### [INSTRUCTIONS TO FOLLOW]
Below are some entries; reproduce them exactly and leave every picture out.
────
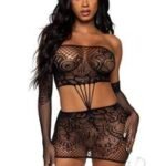 Strap Lace Tube Dress/gloves 2pc Os Blk
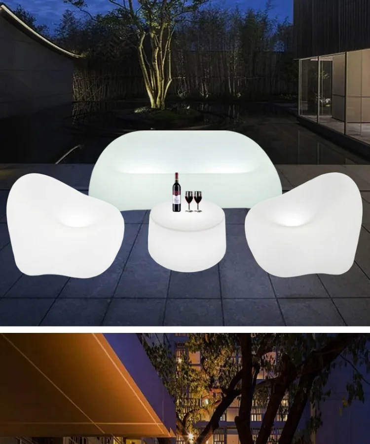 Contemporary LED Bar Furniture Set for Outdoor Garden Night Club Party Events Modern Lounge Table Chair Sofa Stool Light Stylish
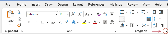 - 그런 다음 홈페이지 탭 및 절 그룹의 경우 오른쪽 하단에 있는 작은 화살표를 클릭하세요.
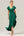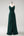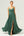 Vestido de dama de honor largo de satén con cordones en la espalda fruncida en verde oscuro
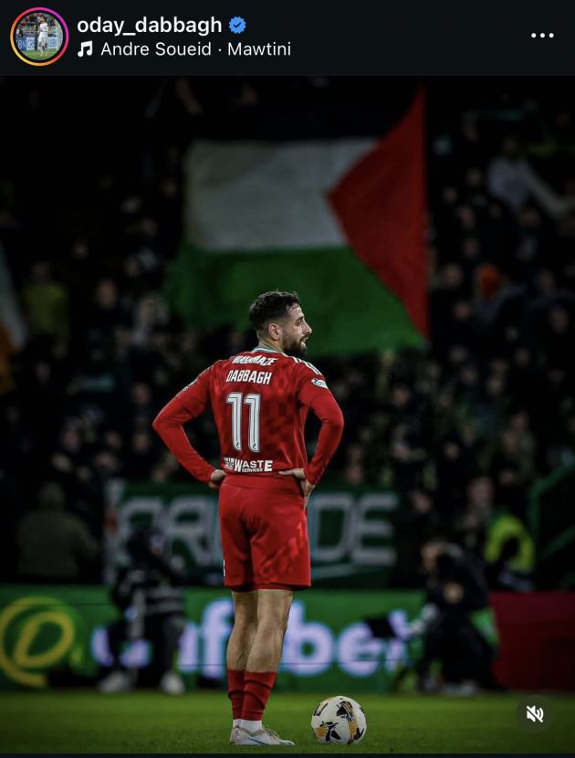 The Scottish Champions thumped the visitors from Pittodrie but despite this, Dabbagh has shared a picture of him with the North Curve in the background flying the Palestinian flag in support of the besieged people of Palestine.
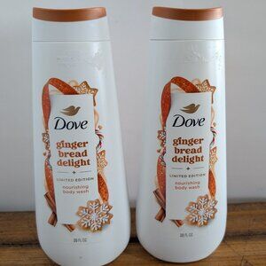 Dove produced the gingerbread delight for the holiday season of 2025. This limited edition is hard to come by anymore. Two bottles of nourishing body wash totaling 40 fluid oz included in this lot. Treat yourself to the sweet nostalgic scent of gingerbread cookies. Fresh out of the oven. Enjoy the aroma of softened butter, sweet molasses and candy ginger. As you gently cleanse and nourish your skin for the holiday glow it deserves. Make every shower feel like homemade treat, no oven needed.
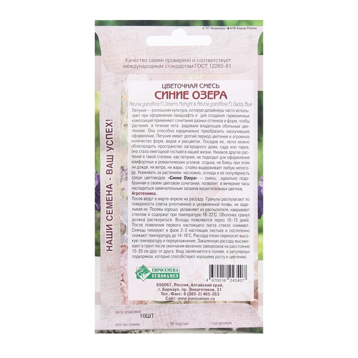 Семена Цветов Цветочная смесь Синие озера, 10 драже
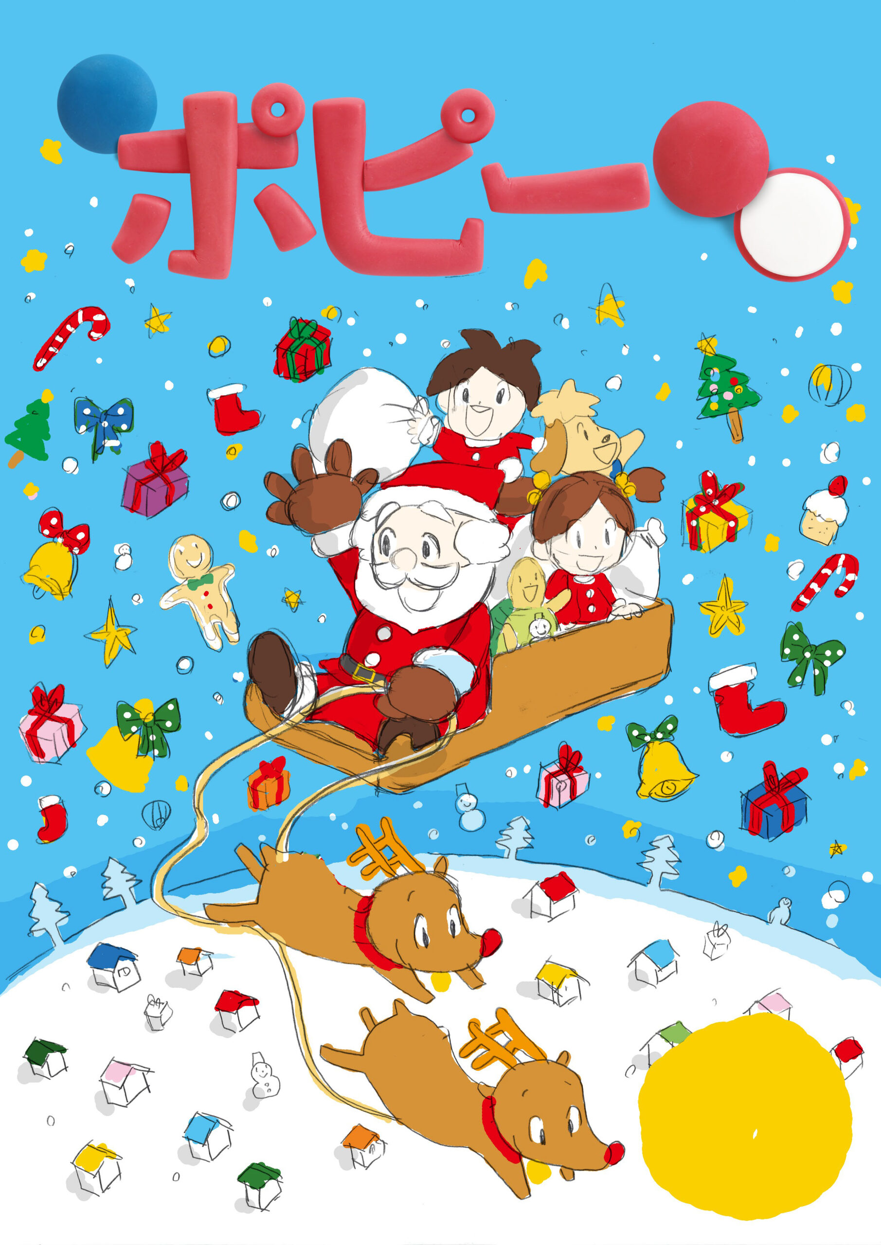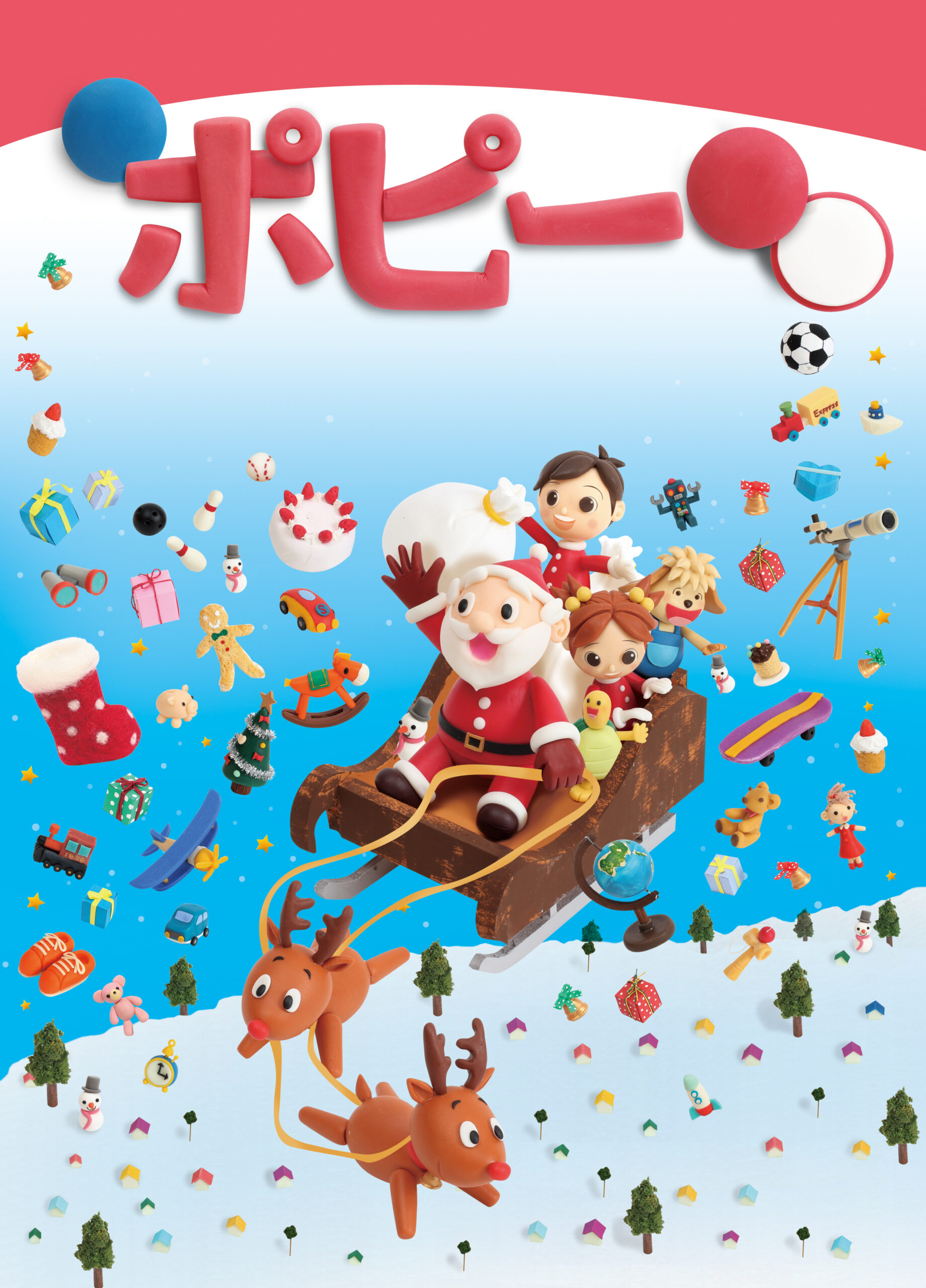 小学ポピー『1・2年生』2017年12月号の表紙ビジュアルを、クレイアート(粘土立体イラスト)で制作しました。テーマは「クリスマス!サンタと一緒にプレゼントを届けよう!」。雪に包まれたミニチュアの街を舞台に、サンタクロースとキャラクターたちが空を飛びながらプレゼントを届ける様子を表現。空には粘土で制作したおもちゃが散りばめられ、誌面全体がクリスマスの夢とワクワクで包まれています。 ウォルナッツ・クレイワークスタジオが、企画、ビジュアルデザイン、立体造形、照明・撮影、編集までを一貫して担当。冬の色彩ときらめきを融合させた、季節感あふれる教材表紙用クレイアート作品です。
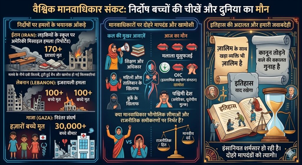 इस पूरे विवाद में सबसे बड़ा सवाल मानवाधिकारों के दोहरे मापदंडों का है। एक तरफ जहाँ तालिबान द्वारा महिलाओं की शिक्षा रोकने पर वैश्विक आक्रोश फैलता है, वहीं अमेरिका द्वारा कथित तौर पर एक स्कूल को निशाना बनाए जाने और 170 छात्राओं की जान जाने पर मानवाधिकार संगठनों की चुप्पी खटकने वाली है।
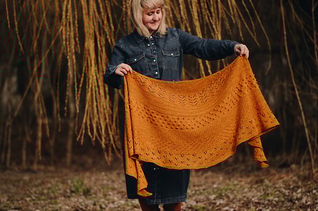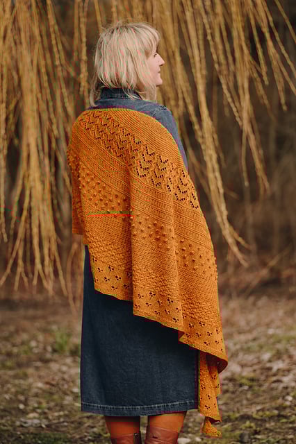 The shawl begins at the top center and is worked outwards to the border. There are two yarn-over increases in every row which create a long banana-like shape. The shawl is worked in sections, each featuring a different texture or lace stitch pattern.
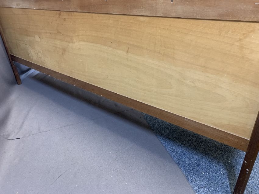 WRIGHTON MID-CENTURY ROSEWOOD LONG SIDEBOARD having a tray type top, octagonal supports and an arrangement of three opening drawers and twin pairs of bi-fold doors, all having inset ring handles, 76.5cms H, 198.5cms overall L, 45.5cms max D
────
### [ANSWER TO THIS TASK]
 Strap Lace Tube Dress/gloves 2pc Os Blk
 Contemporary LED Bar Furniture Set for Outdoor Garden Night Club Party Events Modern Lounge Table Chair Sofa Stool Light Stylish
 - 그런 다음 홈페이지 탭 및 절 그룹의 경우 오른쪽 하단에 있는 작은 화살표를 클릭하세요.
 Vestido de dama de honor largo de satén con cordones en la espalda fruncida en verde oscuro
 The Scottish Champions thumped the visitors from Pittodrie but despite this, Dabbagh has shared a picture of him with the North Curve in the background flying the Palestinian flag in support of the besieged people of Palestine.
 Dove produced the gingerbread delight for the holiday season of 2025. This limited edition is hard to come by anymore. Two bottles of nourishing body wash totaling 40 fluid oz included in this lot. Treat yourself to the sweet nostalgic scent of gingerbread cookies. Fresh out of the oven. Enjoy the aroma of softened butter, sweet molasses and candy ginger. As you gently cleanse and nourish your skin for the holiday glow it deserves. Make every shower feel like homemade treat, no oven needed.
 Семена Цветов Цветочная смесь Синие озера, 10 драже
 小学ポピー『1・2年生』2017年12月号の表紙ビジュアルを、クレイアート(粘土立体イラスト)で制作しました。テーマは「クリスマス!サンタと一緒にプレゼントを届けよう!」。雪に包まれたミニチュアの街を舞台に、サンタクロースとキャラクターたちが空を飛びながらプレゼントを届ける様子を表現。空には粘土で制作したおもちゃが散りばめられ、誌面全体がクリスマスの夢とワクワクで包まれています。 ウォルナッツ・クレイワークスタジオが、企画、ビジュアルデザイン、立体造形、照明・撮影、編集までを一貫して担当。冬の色彩ときらめきを融合させた、季節感あふれる教材表紙用クレイアート作品です。
 इस पूरे विवाद में सबसे बड़ा सवाल मानवाधिकारों के दोहरे मापदंडों का है। एक तरफ जहाँ तालिबान द्वारा महिलाओं की शिक्षा रोकने पर वैश्विक आक्रोश फैलता है, वहीं अमेरिका द्वारा कथित तौर पर एक स्कूल को निशाना बनाए जाने और 170 छात्राओं की जान जाने पर मानवाधिकार संगठनों की चुप्पी खटकने वाली है।
 The shawl begins at the top center and is worked outwards to the border. There are two yarn-over increases in every row which create a long banana-like shape. The shawl is worked in sections, each featuring a different texture or lace stitch pattern.
 WRIGHTON MID-CENTURY ROSEWOOD LONG SIDEBOARD having a tray type top, octagonal supports and an arrangement of three opening drawers and twin pairs of bi-fold doors, all having inset ring handles, 76.5cms H, 198.5cms overall L, 45.5cms max D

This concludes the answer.